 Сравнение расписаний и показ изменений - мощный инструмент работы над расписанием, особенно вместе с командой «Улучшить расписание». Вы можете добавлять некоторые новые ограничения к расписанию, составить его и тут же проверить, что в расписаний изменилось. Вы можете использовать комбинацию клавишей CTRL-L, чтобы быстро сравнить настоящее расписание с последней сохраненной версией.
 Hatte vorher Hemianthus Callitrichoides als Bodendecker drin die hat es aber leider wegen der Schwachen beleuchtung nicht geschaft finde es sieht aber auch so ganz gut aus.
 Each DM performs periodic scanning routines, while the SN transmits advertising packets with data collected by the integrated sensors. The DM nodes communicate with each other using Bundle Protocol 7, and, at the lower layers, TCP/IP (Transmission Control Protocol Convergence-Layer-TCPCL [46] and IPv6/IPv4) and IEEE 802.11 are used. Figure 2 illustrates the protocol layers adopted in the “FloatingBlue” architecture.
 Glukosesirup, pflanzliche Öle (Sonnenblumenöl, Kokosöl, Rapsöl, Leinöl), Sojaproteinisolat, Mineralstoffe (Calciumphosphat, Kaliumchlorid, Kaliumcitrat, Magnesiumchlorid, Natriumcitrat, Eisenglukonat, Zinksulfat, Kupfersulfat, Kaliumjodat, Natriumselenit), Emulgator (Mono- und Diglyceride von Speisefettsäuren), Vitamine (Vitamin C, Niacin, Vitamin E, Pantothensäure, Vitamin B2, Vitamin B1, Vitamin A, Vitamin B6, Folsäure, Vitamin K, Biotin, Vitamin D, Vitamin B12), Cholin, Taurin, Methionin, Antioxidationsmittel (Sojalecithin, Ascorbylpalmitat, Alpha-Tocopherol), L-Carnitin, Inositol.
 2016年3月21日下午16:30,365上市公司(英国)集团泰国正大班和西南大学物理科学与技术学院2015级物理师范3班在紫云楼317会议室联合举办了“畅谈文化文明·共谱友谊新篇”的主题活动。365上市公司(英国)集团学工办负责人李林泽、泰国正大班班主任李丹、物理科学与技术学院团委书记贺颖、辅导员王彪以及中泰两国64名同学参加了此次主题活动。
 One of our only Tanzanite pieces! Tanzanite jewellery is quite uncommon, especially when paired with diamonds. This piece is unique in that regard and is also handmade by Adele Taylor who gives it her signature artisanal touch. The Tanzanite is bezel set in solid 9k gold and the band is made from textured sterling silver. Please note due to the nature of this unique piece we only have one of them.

--

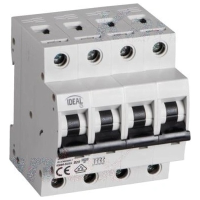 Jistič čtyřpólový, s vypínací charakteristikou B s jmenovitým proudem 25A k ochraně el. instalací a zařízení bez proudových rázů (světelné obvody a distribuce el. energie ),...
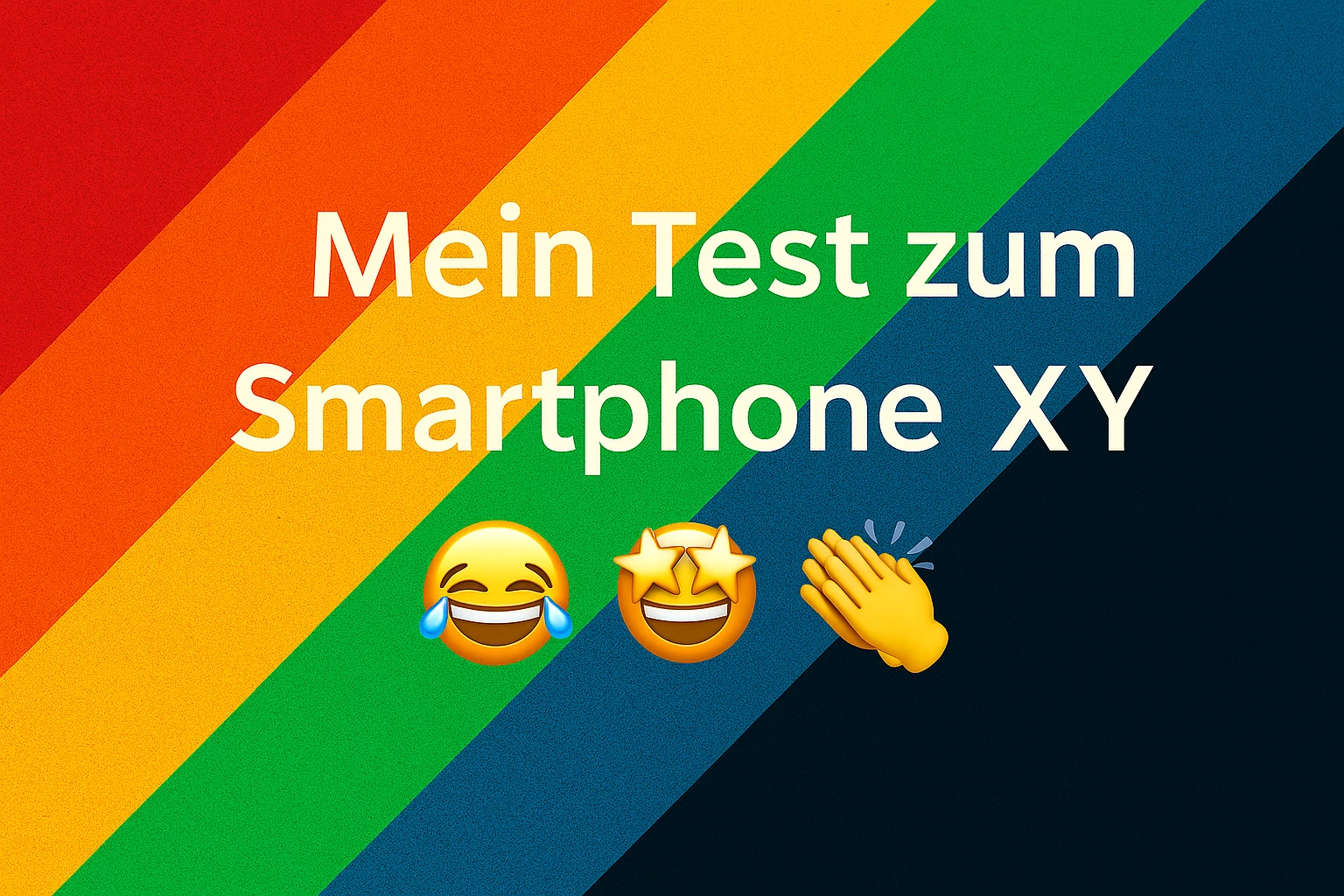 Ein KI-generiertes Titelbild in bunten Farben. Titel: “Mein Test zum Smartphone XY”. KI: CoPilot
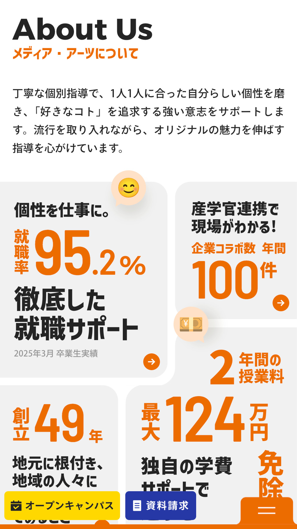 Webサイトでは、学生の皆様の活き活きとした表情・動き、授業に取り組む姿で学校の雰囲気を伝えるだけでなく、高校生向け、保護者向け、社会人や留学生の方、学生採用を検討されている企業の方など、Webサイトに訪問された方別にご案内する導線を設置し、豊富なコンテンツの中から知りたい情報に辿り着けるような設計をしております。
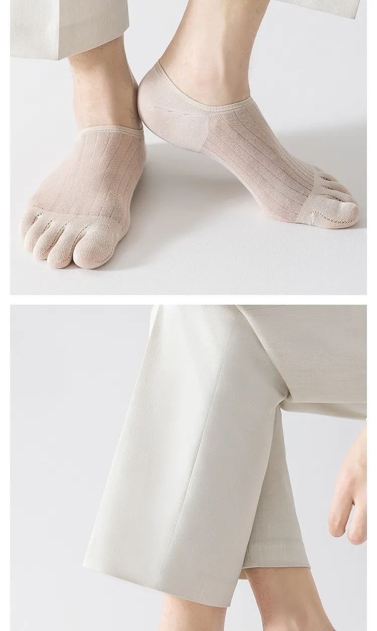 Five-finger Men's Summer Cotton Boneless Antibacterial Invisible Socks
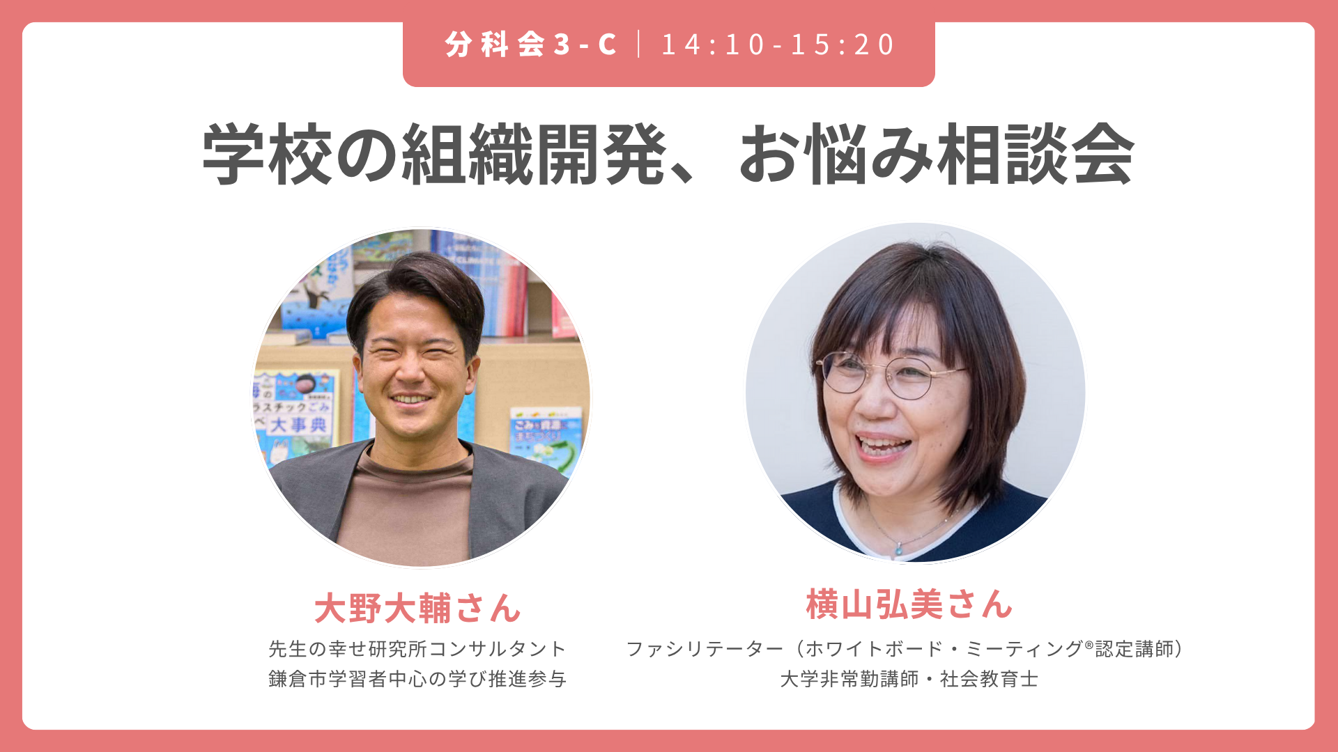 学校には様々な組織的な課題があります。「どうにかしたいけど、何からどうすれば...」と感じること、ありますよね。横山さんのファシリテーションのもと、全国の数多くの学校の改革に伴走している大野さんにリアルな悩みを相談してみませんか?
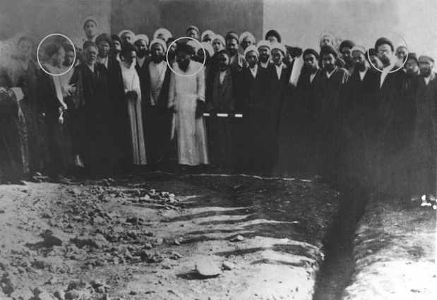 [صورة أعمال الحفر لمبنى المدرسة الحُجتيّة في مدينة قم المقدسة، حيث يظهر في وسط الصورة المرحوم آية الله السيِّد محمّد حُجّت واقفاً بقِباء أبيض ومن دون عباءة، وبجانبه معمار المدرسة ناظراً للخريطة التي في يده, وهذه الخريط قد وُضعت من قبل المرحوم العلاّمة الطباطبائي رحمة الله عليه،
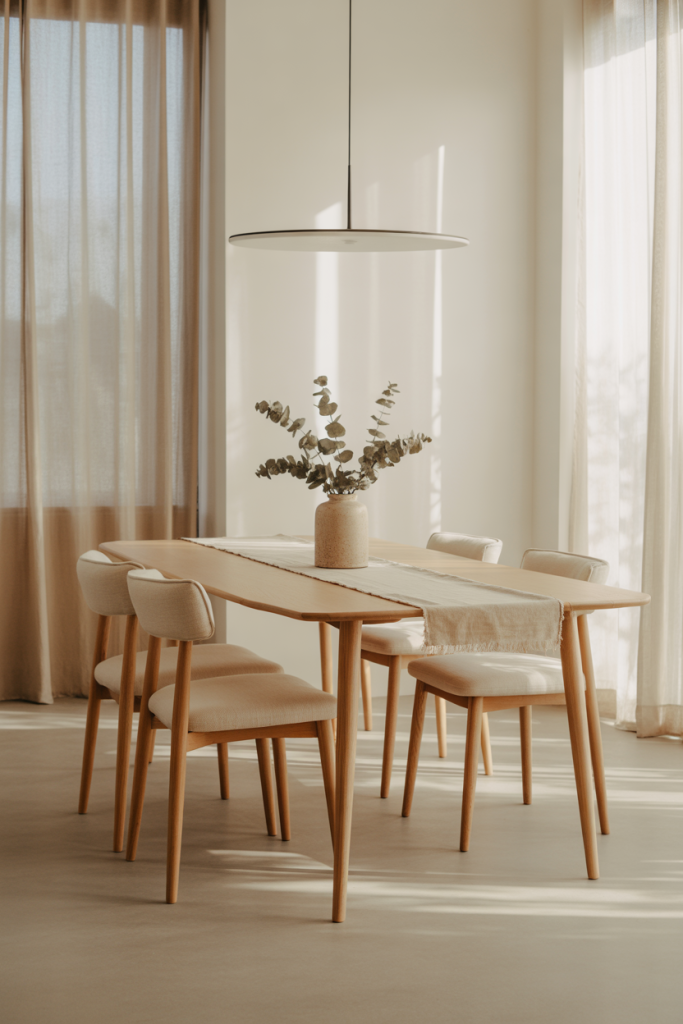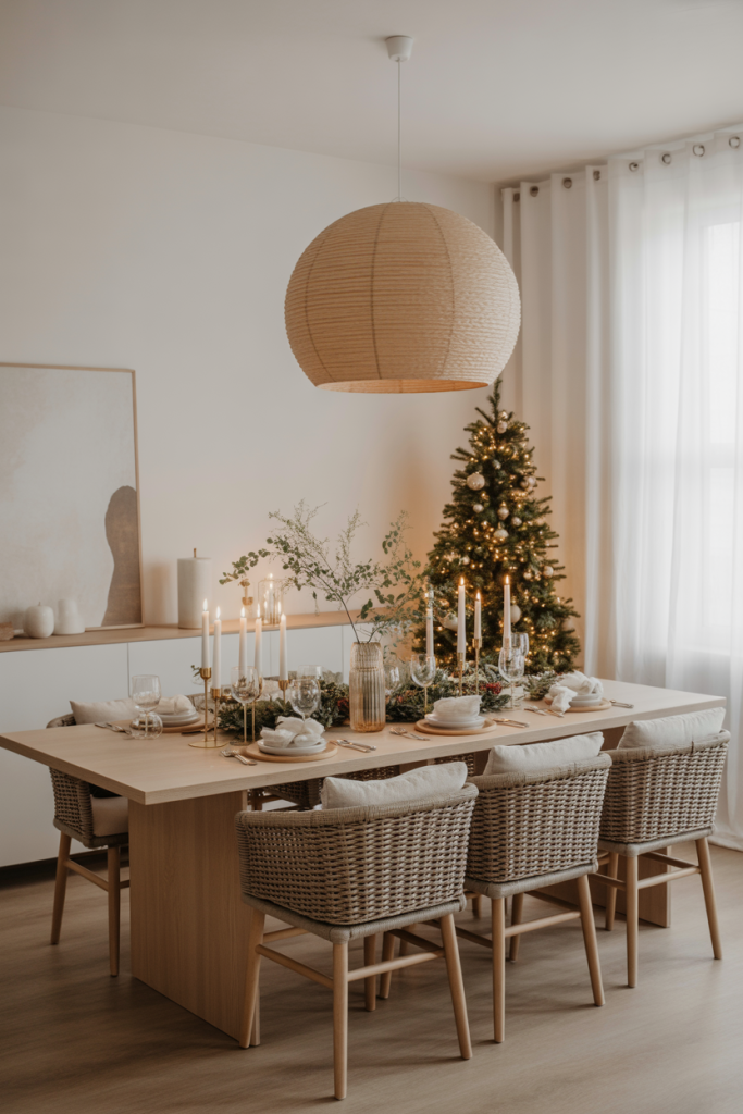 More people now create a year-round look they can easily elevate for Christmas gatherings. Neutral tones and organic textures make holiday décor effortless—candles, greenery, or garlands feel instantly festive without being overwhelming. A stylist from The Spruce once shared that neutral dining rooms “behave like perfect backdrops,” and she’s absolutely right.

==

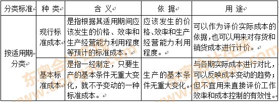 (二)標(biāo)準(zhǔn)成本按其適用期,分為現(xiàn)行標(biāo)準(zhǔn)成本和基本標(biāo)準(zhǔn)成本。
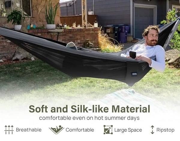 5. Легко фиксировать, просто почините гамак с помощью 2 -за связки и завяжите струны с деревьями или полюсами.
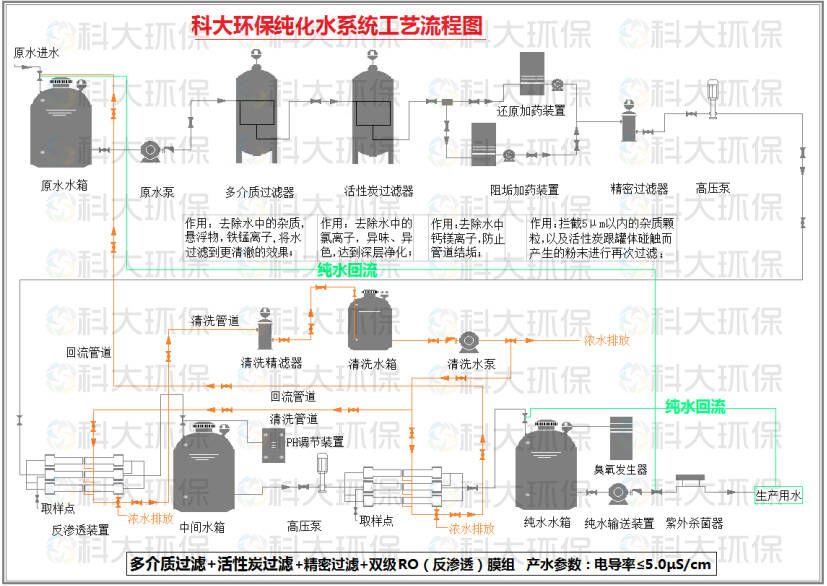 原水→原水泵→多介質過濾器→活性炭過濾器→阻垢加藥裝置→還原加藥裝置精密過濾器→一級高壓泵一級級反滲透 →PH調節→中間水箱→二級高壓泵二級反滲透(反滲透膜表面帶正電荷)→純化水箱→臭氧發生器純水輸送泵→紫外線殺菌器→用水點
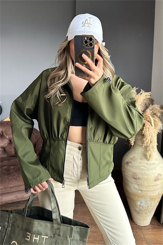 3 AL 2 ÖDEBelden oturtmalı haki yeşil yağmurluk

> _INSTRUCTIONS TO FOLLOW_:
In the material above, the stretch from the line with "学校には様々な組織的な課題が" through the line with "[صورة أعمال الحفر" is to be given again exactly, minus the pictures.

> _OUTPUT FOR THIS EXERCISE_:
 学校には様々な組織的な課題があります。「どうにかしたいけど、何からどうすれば...」と感じること、ありますよね。横山さんのファシリテーションのもと、全国の数多くの学校の改革に伴走している大野さんにリアルな悩みを相談してみませんか?
 [صورة أعمال الحفر لمبنى المدرسة الحُجتيّة في مدينة قم المقدسة، حيث يظهر في وسط الصورة المرحوم آية الله السيِّد محمّد حُجّت واقفاً بقِباء أبيض ومن دون عباءة، وبجانبه معمار المدرسة ناظراً للخريطة التي في يده, وهذه الخريط قد وُضعت من قبل المرحوم العلاّمة الطباطبائي رحمة الله عليه،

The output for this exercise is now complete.